One of the Senate’s top Republicans believes that stablecoin regulation can still happen this year.
Pennsylvania’s Pat Toomey, the top Republican on the Senate Banking Committee, said that he believes Congress can get together on a bill that would at least prevent a repeat of the $48 billion collapse of the Terra/LUNA algorithmic stablecoin in May, which suffered a bank-run style collapse in just a week. Efforts to pass similar legislation in the House have faced repeated setbacks.
See also: $45B Stablecoin Rout Confirms Worst Fears about Crypto’s Need for Reserves
Speaking on the eve of Thursday’s (Sept. 15) Security and Exchange Commission (SEC) oversight hearing before that committee, Toomey told Bloomberg’s “Odd Lots” podcast that “the fact that there was a sort of sensational bad event did move this up the list of priorities — put it on people’s radar, who didn’t have it on their radar.
“I still think there’s a chance to get stablecoin legislation done this year. I think the administration would like to get something done.”
The core goal of such legislation would be to effectively ban algorithmic stablecoins, which maintain their dollar peg via a variety of arbitrage mechanisms while backing reserves of cryptocurrency in favor of those like the Circle-issued No. 2 stablecoin USDC, which relies on reserves of dollars and highly liquid investments like short-term U.S. Treasuries.
The No. 1 stablecoin, Tether’s USDT, is eliminating some of its less liquid investments in favor of T-bills.
The Terra/LUNA collapse and subsequent wave of bankruptcies by crypto lenders like Celsius and Voyager Digital, which has left hundreds of thousands of investors in limbo and likely to lose at least some of their funds, had boosted hope among Senate Banking Committee and House Financial Services Committee leadership that stablecoin legislation could be pulled out.
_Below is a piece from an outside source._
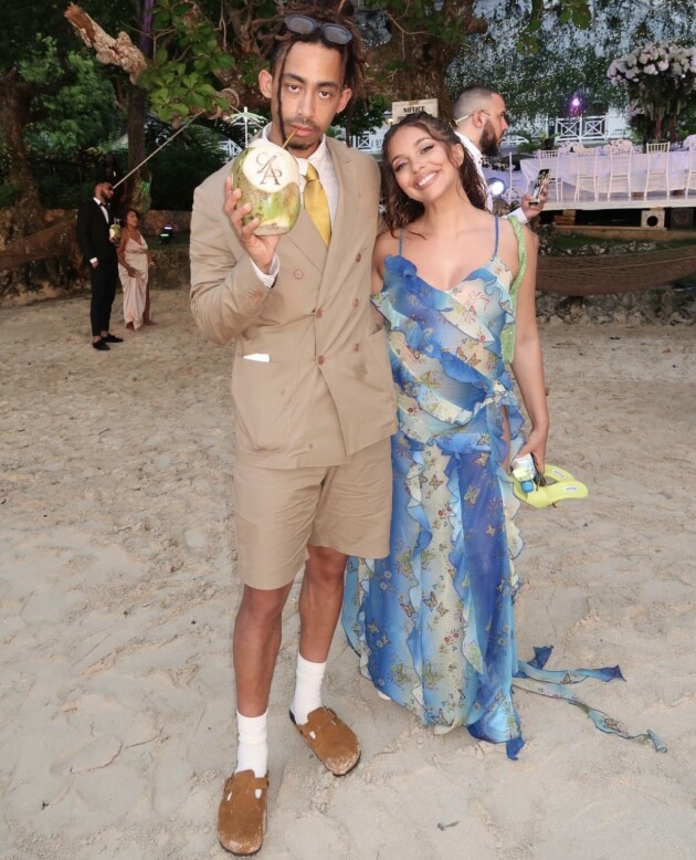 However, a few decor details from the reception could be spotted in the images, including a raised wedding table on the Jamaican beach, as well as a coconut drink with an “L A” symbol printed on it, in honour of the newlyweds.

Learn more: Stablecoin Collapse Sent Voyager Digital and Celsius on Different Paths to Bankruptcy
Toomey, who broadly supports a light-handed approach to crypto regulation, has said that such legislation should “require that you’d have to be licensed to issue it, and … how you could go about obtaining such a license.” It should require issuers to back their holdings with cash or cash-equivalent assets that are subject to regular auditing and reporting.
A pair of stripped-down bills before the House and the Senate would simply cover that. However, the chair of the House Financial Services Committee, Rep. Maxine Waters (D-Calif.), and Rep. Patrick McHenry (R-N.C.) have tabled more complex legislative goals repeatedly — most recently on Sept. 4 — after failing to overcome partisan differences.
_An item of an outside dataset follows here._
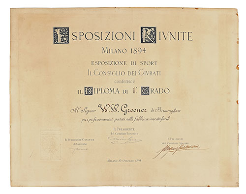 ESPOSIZIONI RIVNITE MILANO 1894, IL DIPLOMA DI 1 GRADO 25in. x 20 1/8in., unframed, some fading and staining, light damage to edges

Related: US Stablecoin Bill Hits a Snag as Negotiations Break Down
Broader Crypto Impasse
Congress has largely given up on passing a broader cryptocurrency regulation bill this year. While there is a bipartisan bill pending in the Senate — Sens. Cynthia Lummis (R-Wyo.) and Kirsten Gillibrand (D-N.Y.)’s “Responsible Financial Innovation Act” — it involves more complex questions, including which cryptocurrencies are considered securities and which agency would have oversight of them.
The Biden administration, meanwhile, hasn’t laid out its own agenda for a regulatory regime it called for under an executive order in March. That is expected this month and no serious debate can begin until that happens, but hopes for any action this session are growing dimmer as potentially divisive midterm elections loom in November.
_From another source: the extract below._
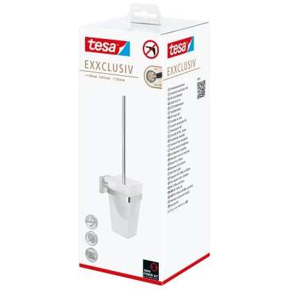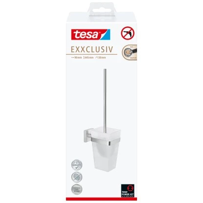 Mit dem modernen Design in Edelstahloptik sind die Tesa Bad-Artikel der Serie Exxclusiv ein Hingucker in jedem Bad oder Gäste-WC. Noch dazu sind die praktischen Bad-Artikel rostfrei. Mit der Tesa WC-Bürstengarnitur Exxclusiv können Sie Ihre WC-Bürste einfach an der Wand aufbewahren, wo sie nicht beim Wischen und Saubermachen stört. Der Behälter aus Milchglas lässt sich für die einfache Reinigung herausnehmen. Zudem verfügt die im Lieferumfang enthaltene WC-Bürste über einen auswechselbaren Bürstenkopf.

Read more: Senate Crypto Bill Debuts, and Crypto Industry Gets Big Wins
Security Blanket
Those broader disagreements surfaced in Thursday’s Senate Banking Committee hearing, when Lummis asked SEC Chairman Gary Gensler about the disclosure requirements for launching new cryptocurrencies that are securities — something she and Gillibrand have said a fair number of cryptocurrencies likely are, though not as many as Gensler, who has called everything but bitcoin a security.
Lummis said the disclosure requirements for initial cryptocurrency offerings (ICO) — which effectively ended several years ago when the SEC cracked down hard, imposing fines and requiring some ICO launchers to cancel their sales and repay investors — should be the responsibility of the initial issuer.
Gensler disagreed, saying, “The sponsors, the entrepreneurs, the promoters — that’s where the disclosure obligation ought to be.”
Speaking on the Bloomberg podcast, Toomey stuck to the party line, criticizing the SEC’s efforts at regulation as “capricious and ineffective,” saying they were stifling innovation and hurting American consumers.
For his part, Toomey said he does not believe that nearly as many cryptocurrency tokens are securities.
“There may be some tokens that do, and OK, I’ll call them a security,” he said. “But when there is no claim on an issuer, when there is no built-in return, then I’m not sure it should even pass” the definition of a security.